Thanks guys! If the piece was delightful the comments were just as much delightful.


----------



## JBacal (Oct 18, 2010)

*Re: A Christmas Snowball Fight (Hecklephone demo)*

Enjoyed the music very much and also enjoyed the scene that the title conjured up.

Best,
Jay


----------



## adg21 (Oct 19, 2010)

*Re: A Christmas Snowball Fight (Hecklephone demo)*

fantastic, who's playing piano?


----------



## synergy543 (Oct 19, 2010)

I heard that Guy used some professional concert pianist to play the parts. Sneaky eh?

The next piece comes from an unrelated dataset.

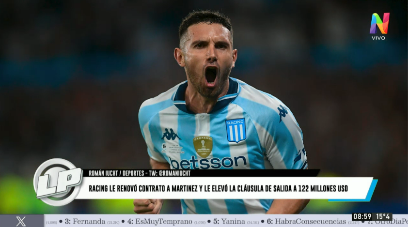 El periodista de Net TV destacó cómo esta renovación responde al interés de clubes como River Plate, donde Marcelo Gallardo expresó su deseo de incorporar al delantero. Iucht subrayó además el valor simbólico de la cláusula, que supera incluso las tasaciones de estrellas internacionales como Lautaro Martínez, y el mensaje de Racing al mercado: sus figuras no están en venta.

Oh, and I found the hecklephone (snicker, snicker ...suppressing laughter) was not invented until 1904 which is why we don't hear it in most orchestral music (a hecklotov information you maybe didn't know).


----------



## Guy Bacos (Oct 19, 2010)

*Re: A Christmas Snowball Fight (Hecklephone demo)*



adg21 @ Tue Oct 19 said:


> fantastic, who's playing piano?



Thanks!

Who played?

Yours truly


----------



## Hannes_F (Oct 19, 2010)

*Re: A Christmas Snowball Fight (Hecklephone demo)*

Very fine, delightful, tasteful, ingenious.

I think the name is Heck*el*phone because the inventor's name was Heckel and he hopefully was no heckler 

EDIT Heckel bassoons are famous for their sound worldwide. AFIK since they are often played by soloists and principals chances are good that if you ever hear a bassoon in a recording or a sample library it was manufactured here. The Heckel family was relevantly involved in the invention of the modern mechanics system of the bassoon family.
http://www.heckel.de/en/default.htm

Also look here and scroll down to Heckel system
http://en.wikipedia.org/wiki/Bassoon


----------



## Guy Bacos (Oct 19, 2010)

Thanks Hannes, that should be quite helpful!

I'm wondering if it's just the names that never caught on. Heckelphone?? Heckelphonist??

ps Thanks for correcting the spelling. Even the spelling is confusing.


----------



## Patrick de Caumette (Oct 19, 2010)

Sounds great Guy!

Very nice playing and writing. A heck of a piece!


----------



## wolf (Oct 20, 2010)

love it. 

I'm sure the worlds Heckelphonists would enjoy performing this piece (and your performance is a high bench mark) - meaning: will you make the scores of this on your other, also excellent, solo pieces available at some point?


----------



## David Story (Oct 20, 2010)

Thanks for writing melodically, lets the voices sing.

The great sound is from your EQ, Reverb, and articulations. So I'd never buy these instruments. The chance is nil that I'd somehow find the right software and settings to sound like this. Almost no-one posts settings. 
But the piece has a future, as do a lot of Guy's demos.


----------



## Tanuj Tiku (Oct 20, 2010)

LOVE IT!!!!!!!!!!!!!!!!!!!!!!!!!!!!!!!!!!!!!!!!!!!!!!!!!!!!!!!!!!!


Really good stuff Guy. One of your better sounding pieces. 

Really refreshing.



Best,

Tanuj.


----------



## Ginharbringer (Oct 21, 2010)

hmm? Are you posting live recordings again Guy?

Do you really compose this quickly or do you hoard these things and release them together?

(and by the way, I agree with Pietro)


----------



## Angel (Oct 21, 2010)

Great piece. Great composition.
It's a little bit drowning in reverb, but that's just a matter of taste.


----------



## Guy Bacos (Oct 21, 2010)

Thanks guys!

I'll be honest, I'm a little surprise at the response on this one. Pleasantly surprised that is.


----------